Adjustments to Financial Statements: Removal of Deferred Taxes
Based on: 10-K (reporting date: 2021-09-30), 10-K (reporting date: 2020-09-30), 10-K (reporting date: 2019-09-30), 10-K (reporting date: 2018-09-30), 10-K (reporting date: 2017-09-30), 10-K (reporting date: 2016-09-30).
The financial data reveals several distinct trends across the reported and adjusted figures for total liabilities, shareholders' equity, and net income over the six-year period from September 30, 2016, to September 30, 2021.
- Total Liabilities
- The reported total liabilities exhibit a sharp increase from 17,953 million USD in 2016 to a peak of 32,910 million USD in 2018. Following this peak, liabilities decline gradually to 30,189 million USD by 2021. The adjusted total liabilities trend similarly, rising from 17,161 million USD in 2016 to 30,600 million USD in 2018, then decreasing steadily to 28,839 million USD in 2021. This pattern indicates a significant buildup in liabilities up to 2018, succeeded by a moderate reduction in the subsequent years. The adjusted figures consistently remain slightly below the reported totals, suggesting adjustments related to income tax items have a moderating effect on liability totals.
- Shareholders’ Equity
- Reported shareholders’ equity shows a consistent upward trajectory, increasing substantially from 7,633 million USD in 2016 to 23,677 million USD in 2021. The most notable jumps occur between 2016 and 2018, where equity nearly triples, followed by a steadier increase thereafter. The adjusted equity also rises throughout the period, from 8,425 million USD in 2016 to 25,027 million USD in 2021, typically exceeding the reported values by a small margin. This steady growth in equity suggests improving retained earnings and capitalization, with the adjustments potentially reflecting deferred tax impacts that increase the equity base.
- Net Income
- Reported net income displays considerable volatility, beginning at 976 million USD in 2016 and rising to a high of 2,092 million USD in 2021, with a notable dip to 311 million USD in 2018 followed by fluctuations in other years. Adjusted net income also shows high variability but remains lower than reported figures in most years, starting at 457 million USD in 2016, dropping sharply to 49 million USD in 2018, and recovering to 1,804 million USD by 2021. The divergence between reported and adjusted net income indicates the significant impact of income tax adjustments, especially around 2018 when both figures reached their respective troughs. The adjusted figures tend to smooth some of the income volatility, but the swings underscore periods of fluctuating profitability and tax-related adjustments.
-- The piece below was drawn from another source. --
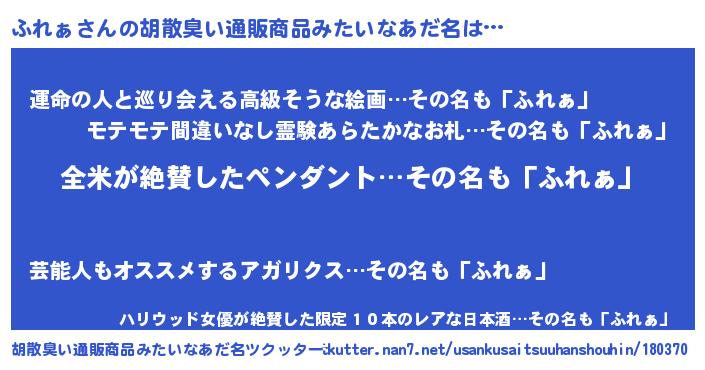 | 意味不明あだ名 | 『とにかく怪しいふれぁ』 |

Overall, the data depicts a company that experienced rapid growth in liabilities and equity until around 2018, followed by more stable financial positioning. The fluctuations in net income, notably affected by tax adjustments, point to variability in operational performance as well as tax impacts over time. Adjusted values consistently moderate the reported figures, reflecting the importance of deferred income tax considerations in understanding the company's financial health.
Becton, Dickinson & Co., Financial Data: Reported vs. Adjusted
Adjusted Financial Ratios: Removal of Deferred Taxes (Summary)
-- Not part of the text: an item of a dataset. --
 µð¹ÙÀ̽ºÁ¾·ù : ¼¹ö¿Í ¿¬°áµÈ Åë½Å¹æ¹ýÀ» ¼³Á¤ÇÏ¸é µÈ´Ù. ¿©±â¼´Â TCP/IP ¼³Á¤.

Based on: 10-K (reporting date: 2021-09-30), 10-K (reporting date: 2020-09-30), 10-K (reporting date: 2019-09-30), 10-K (reporting date: 2018-09-30), 10-K (reporting date: 2017-09-30), 10-K (reporting date: 2016-09-30).
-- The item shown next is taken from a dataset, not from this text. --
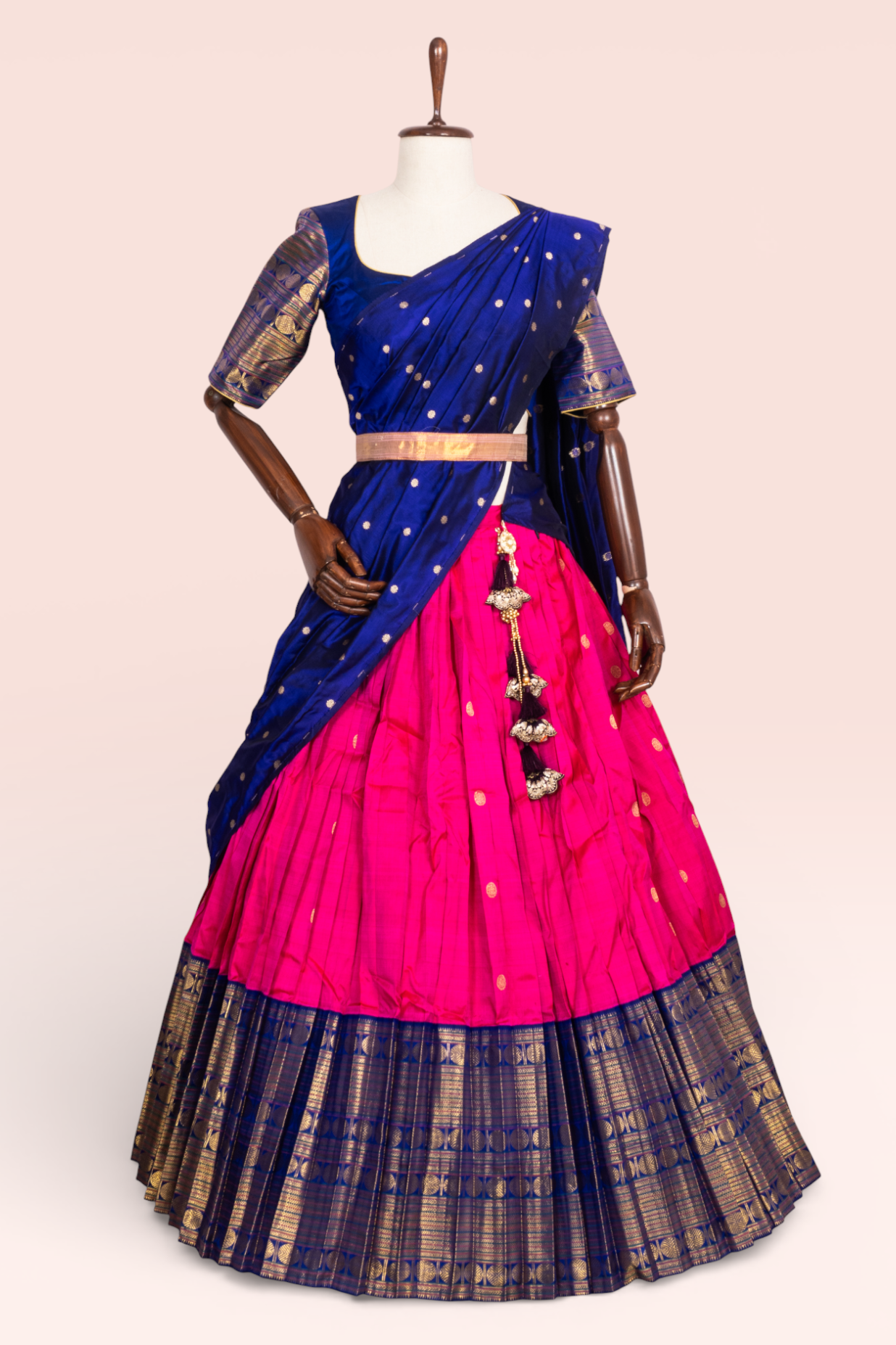Kanchipuram Silk Butta Rani Pink Lehanga with gold zari floral butta with contrast gold zari butta big blue border and hangings

- Net Profit Margin Trends
- The reported net profit margin exhibited significant fluctuations over the examined period. After an initial increase from 7.82% in 2016 to 9.1% in 2017, it sharply declined to 1.95% in 2018. This was followed by a partial recovery reaching 10.33% in 2021. The adjusted net profit margin followed a similar erratic pattern but generally reflected lower profitability levels compared to the reported figures. It started at 3.66% in 2016, dipped to near zero in 2018, and recovered to 8.91% by 2021.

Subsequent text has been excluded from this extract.